-- Data extract follows --
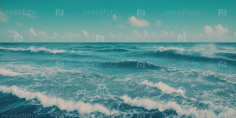 Морская панорама с волнами на переднем плане. Генеративный ИИ
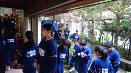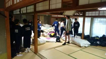 起床後、みんなで協力してお布団のお片付け。荷物の整理を済ませ、朝食をいただきます。別館の大広間に、本館から女子もやってきました。間もなく朝食時間です。
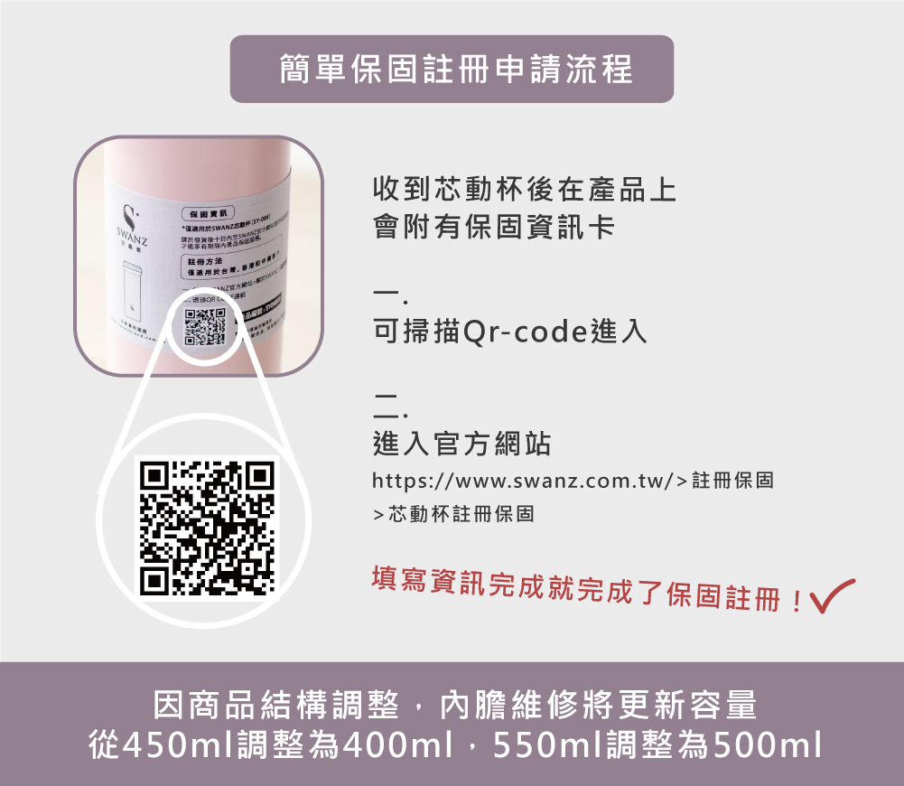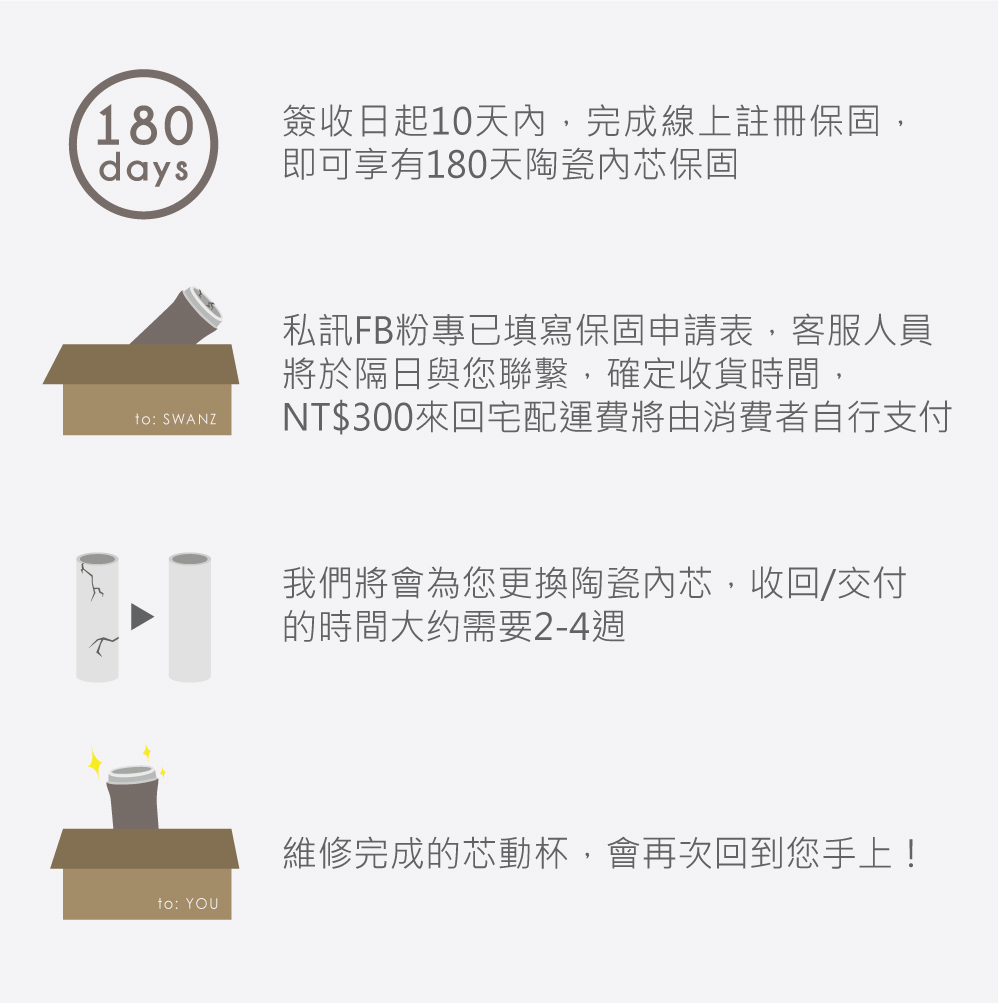 SWANZ 芯動杯不僅對產品有自信,更提供 180 天的內芯保固,只要上網登錄保固資訊,在期限內破了都能免費更換。
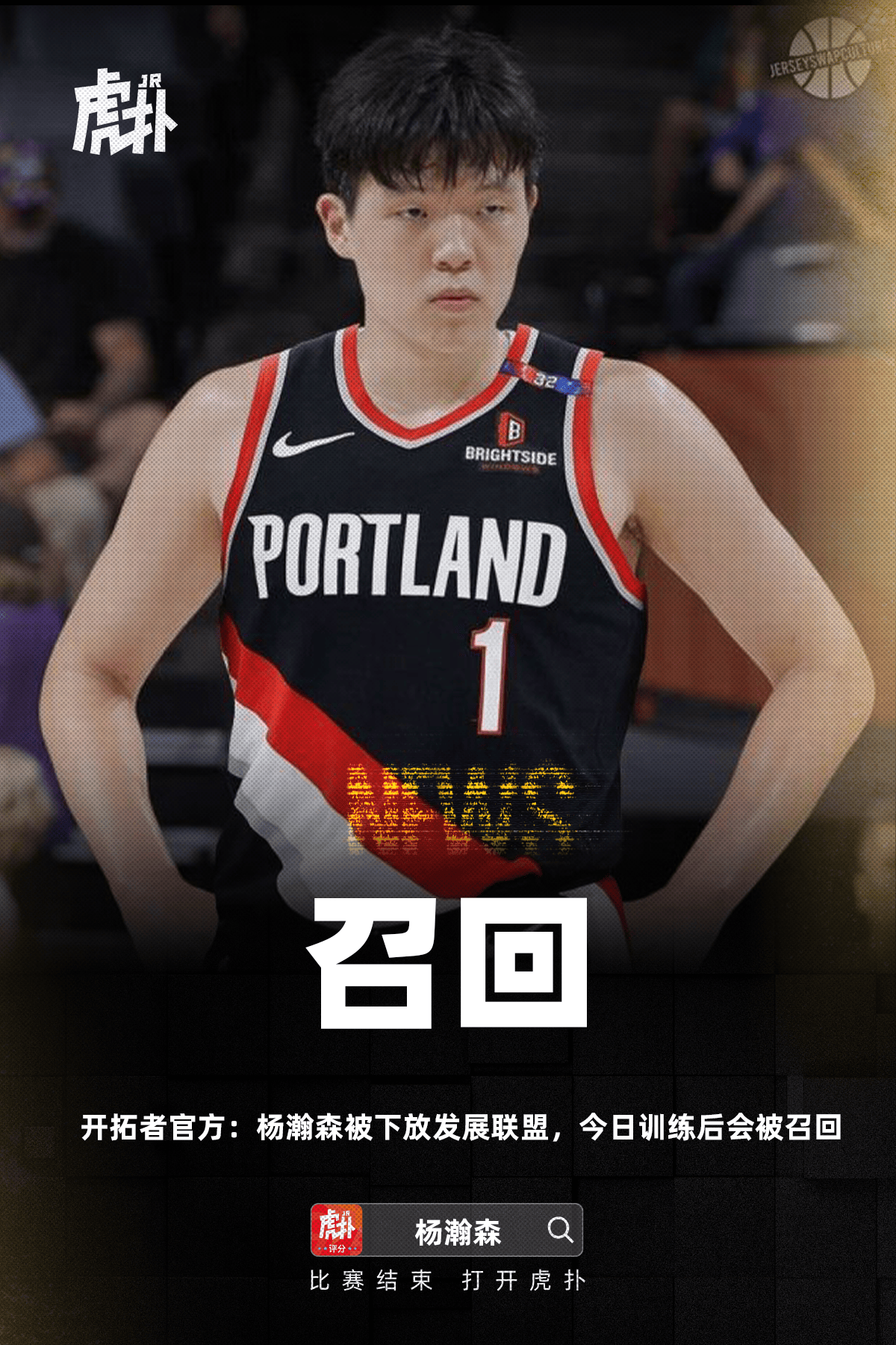 開(kāi)拓者同時(shí)表示,楊瀚在今天訓(xùn)練結(jié)束后,森被楊瀚森將被召回。下放訓(xùn)練
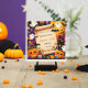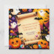 Le design comporte un défilement de parchemin vieilli au centre, offrant un espace vide pour le texte. Autour du parchemin se trouvent diverses icônes sur le thème de l'Halloween, dont des lanternes crêpes souriantes, des fantômes à différentes expressions, du maïs-bonbons, des lollipops de couleur Halloween, des araignées noires et des chauves-souris. L'arrière - plan est un violet profond avec des motifs étoiles subtils, créant une atmosphère ludique et éffrayante parfaite pour une invitation à Halloween.
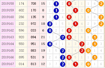 百位近10期012路分别开出3枚、3枚,4枚,0路减少,1路保持,2路增加; 百位2路号码近期占优,本期百位关注号码13459;
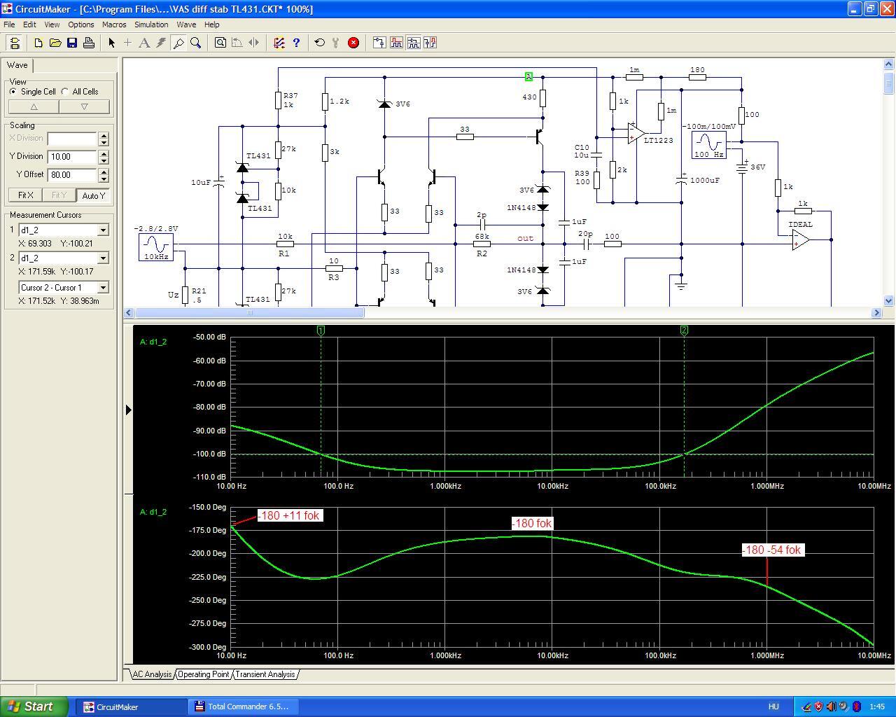 Nem fosztottam meg a nagy hurokerősítés jelentette előnyöktől. Van egy rendkívül stabil DC csatolású VAS fokozatom 44dB-es hurokerősítéssel 0.0001% torzítással, 10MHz-es egységerősítési frekvenciával, 90 fokos fázistartalékkal, ami mindössze 6 tranzisztort tartalmaz. Ezt terheli 200 MOhm/20pF impedanciával a buffer, aminek szintén van 70dB-es hurokerősítése, 85 fok fázistartaléka, 50ns késleltetése, 5mOhm kimeneti ellenállása 1kHz-en.
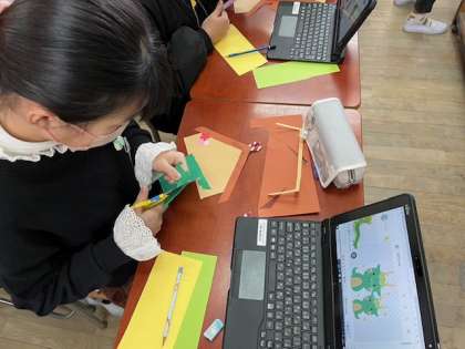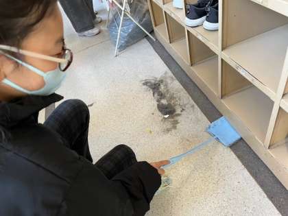 6年生のPTC清掃では、2学期後半に作ったオリジナル掃除用具が大活躍しました。
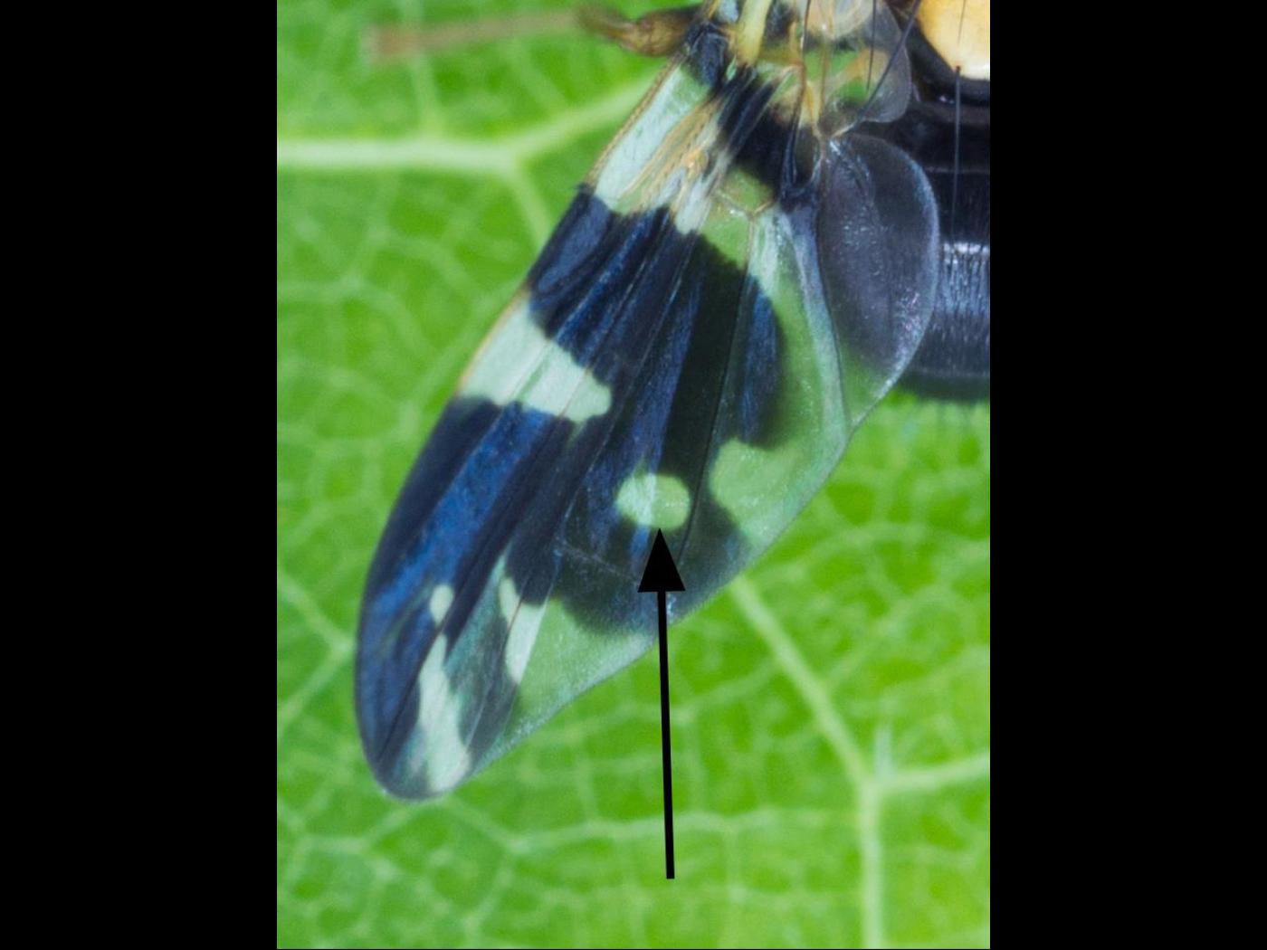 Adulte : 3,0 à 4,0 mm; la tête est arrondie et principalement jaune et orangée; le thorax et l'abdomen sont noirs, mis à part le scutellum ainsi qu'une bande sur les côtés du thorax qui sont jaunes; les ailes présentent un motif noir caractéristique de cette espèce dans lequel une tache hyaline arrondie est présente.
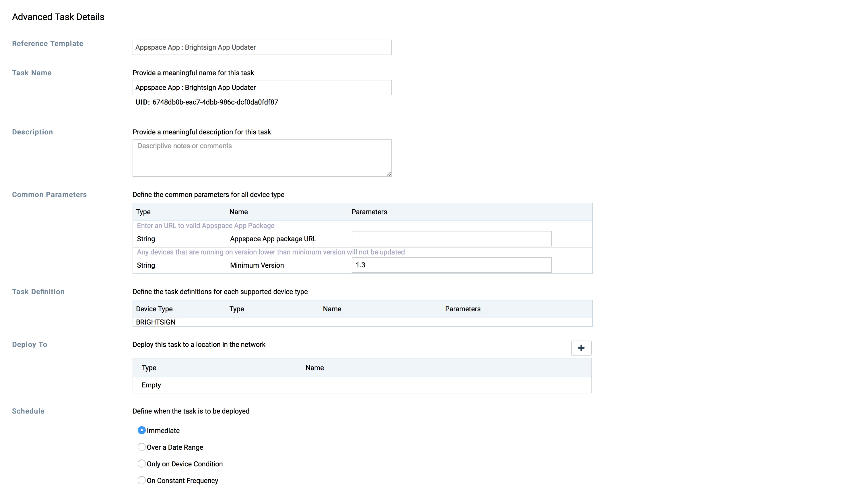 - Click the Add button, and select the Appspace App : Device Firmware Update task.
-- Data extract concluded --
The task: The answer must be an exact reproduction of the records, with every picture left out.

Written answer:
 Морская панорама с волнами на переднем плане. Генеративный ИИ
 起床後、みんなで協力してお布団のお片付け。荷物の整理を済ませ、朝食をいただきます。別館の大広間に、本館から女子もやってきました。間もなく朝食時間です。
 SWANZ 芯動杯不僅對產品有自信,更提供 180 天的內芯保固,只要上網登錄保固資訊,在期限內破了都能免費更換。
 開(kāi)拓者同時(shí)表示,楊瀚在今天訓(xùn)練結(jié)束后,森被楊瀚森將被召回。下放訓(xùn)練
 Le design comporte un défilement de parchemin vieilli au centre, offrant un espace vide pour le texte. Autour du parchemin se trouvent diverses icônes sur le thème de l'Halloween, dont des lanternes crêpes souriantes, des fantômes à différentes expressions, du maïs-bonbons, des lollipops de couleur Halloween, des araignées noires et des chauves-souris. L'arrière - plan est un violet profond avec des motifs étoiles subtils, créant une atmosphère ludique et éffrayante parfaite pour une invitation à Halloween.
 百位近10期012路分别开出3枚、3枚,4枚,0路减少,1路保持,2路增加; 百位2路号码近期占优,本期百位关注号码13459;
 Nem fosztottam meg a nagy hurokerősítés jelentette előnyöktől. Van egy rendkívül stabil DC csatolású VAS fokozatom 44dB-es hurokerősítéssel 0.0001% torzítással, 10MHz-es egységerősítési frekvenciával, 90 fokos fázistartalékkal, ami mindössze 6 tranzisztort tartalmaz. Ezt terheli 200 MOhm/20pF impedanciával a buffer, aminek szintén van 70dB-es hurokerősítése, 85 fok fázistartaléka, 50ns késleltetése, 5mOhm kimeneti ellenállása 1kHz-en.
 6年生のPTC清掃では、2学期後半に作ったオリジナル掃除用具が大活躍しました。
 Adulte : 3,0 à 4,0 mm; la tête est arrondie et principalement jaune et orangée; le thorax et l'abdomen sont noirs, mis à part le scutellum ainsi qu'une bande sur les côtés du thorax qui sont jaunes; les ailes présentent un motif noir caractéristique de cette espèce dans lequel une tache hyaline arrondie est présente.
 - Click the Add button, and select the Appspace App : Device Firmware Update task.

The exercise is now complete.